- Born: October 8, 1919 Saskatchewan, Canada
- Died: February 21, 2017 (aged 97) Manotick Ontario Canada
- Education: University of Manitoba
- Occupation: Architect
- Spouse: Doug
- Children: Gwyneth

= Barbara Humphreys =

Canadian architect and author

Barbara A. Humphreys (alternate, Humphreys; born in Saskatchewan) is a Canadian architect and author, specializing in public service, historic preservation, and housing.

==Life==
Barbara Alice Humphreys was born on October 8, 1919 in Kelliher, Saskatchewan. Humphreys graduated from the University of Manitoba with a degree in architecture (1941). She worked for the Defence Industries Limited Architectural Division (Montreal), and the Plant Engineering Division of Victory Aircraft Limited (Malton. She was in private practice from 1954. In 1969, she directed a survey of Rideau Canal corridor's architectural heritage.
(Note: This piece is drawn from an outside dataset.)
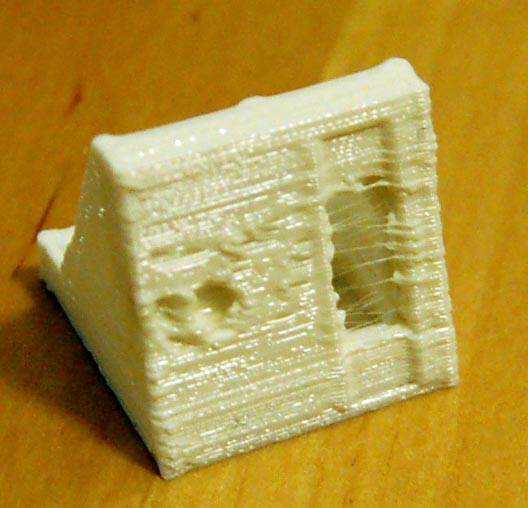 Außerdem habe ich die Zuführung des Filaments etwas verbessert, er verliert jetzt auch keine Schritte mehr. Beim Probedruck eines einfachen Quaders habe ich zuerst vermutet, dass nicht genug Material extrudiert wird, dann war es plötzlich zuviel und wurde verschmiert. Das Problem war schlussendlich, dass die Platte nicht komplett eben ist, sondern in der Mitte, wo man meistens druckt, 0,2 bis 0,3 mm über "Normal Null" liegt. Daher müssen die Z-Koordinaten entsprechend angepasst werden. Am Schluss war ich aber halbwegs zufrieden mit meinem Probedruck und dachte mir, folgendes Teil könnte man mal probedrucken: Es handelt sich hierbei um eine Halterung, die auf einem Brett festgeschraubt wird, und in dem ein Schiebeschalter und eine Status-LED für den Dentamag montiert werden sollen. Hier sieht man die ersten paar Ebenen. Zunächst wird eine Umrandung gedruckt, hier erkennt man durch die Tröpfchenbildung, dass die Extruderdüse offenbar doch etwas zu weit von der Baufläche entfernt ist. Das legt sich aber mit den weiteren Ebenen, wie man ja am Teil selbst erkennen kann. Im nächsten Bild sind schon die Aussparungen für den Schiebeschalter zu erkennen. Der weitere Druck verlief zunächst unspektakulär, aber wie Ihr Euch vielleicht denken könnte, ist der obere Abschluss der Öffnung für den Schiebeschalter nicht ganz einfach, und auch das Loch für die LED könnte sauberer sein. Naja, wegdremeln kann man immer noch. Dann müssen auch die ganzen spinnwebenartigen Fäden dran glauben. Hier seht Ihr die Unterseite des Teils. Die Lücken stammen wie schon bei der Umrandung von dem zu großen Abstand zur Baufläche. Normalerweise ist die Unterseite eines gedruckten Teils spiegelglatt (oder zumindest so glatt wie die Baufläche). Die Vorderseite des Teils ist deutlich zerklüfteter, es sieht auf dem Bild aber auch deutlich schlimmer aus als es ist. Nacharbeit erfordert auf jeden Fall das Loch für die LED, die Öffnung für den Schiebeschalter ist bis auf die Spinnweben eigentlich ganz gut geworden. Ein Blick hinter die Kulissen zeigt noch deutlich mehr Spinnweben, das ist aber unkritisch. Die Trichter für die Senkkopfschrauben sind auch gut zu erkennen, hier zeigt sich dann auch sehr gut, wie maßhaltig so ein Druck ist. Dafür habe ich mir aber schon andere Probedruckteile ausgedacht, v.a. was das Einpressen von Muttern angeht. So, erstmal bin ich recht zufrieden, zumal ich auch nicht genau weiß, an welchen Stellschrauben ich jetzt noch drehen muss, um ein besseres Ergebnis zu bekommen. Aber nächsten Donnerstag ist wieder 3D-Druck-Abend im Hackerspace Bremen, vielleicht schaffe ich es da vorbeizuschauen. Oliver |

This was a pilot project for the Canadian Inventory of Historic Buildings, and Humphreys was both its founder and chief. Humphreys retired in 1981.

==Selected works==
- 1970, "Didsbury", Cannington Manor, Saskatchewan
- 1972, The Allen House, Yarmouth, N.S.
- 1972, Pichet House -127 rue Royal Ste. Famille, Ile d'Orleans (with Meredith H Sykes)
- 1974, Canadian historic sites : occasional papers in archaeology and history, no. 10 (with Jane E Harris; Edward F Bush; Parks Canada. National Historic Parks and Sites Branch)
- 1974, The architectural heritage of the Rideau Corridor (with Jane E Harris; Edward F Bush)
- 1979, Eversley Farm, R.R. No. 3, King City, Ontario
- 1980, The buildings of Canada : a guide to pre-20th-century styles in houses, churches and other structures (with Meredith H Sykes; Michael Middleton; Parks Canada)

==Awards==
- 1992, Gabrielle Léger Medal (awarded to volunteers or professionals who have made an outstanding contribution to the conservation of heritage in Canada over a period of twenty years or more)

==Bibliography==
- Adams, Annmarie (2000). "Designing Women: Gender and the Architectural Profession"
- Cameron, Christina (1989). "Charles BaillairgŽ: Architect and Engineer"
- Peter Martin Associates (1999). "Canadian Book Review Annual"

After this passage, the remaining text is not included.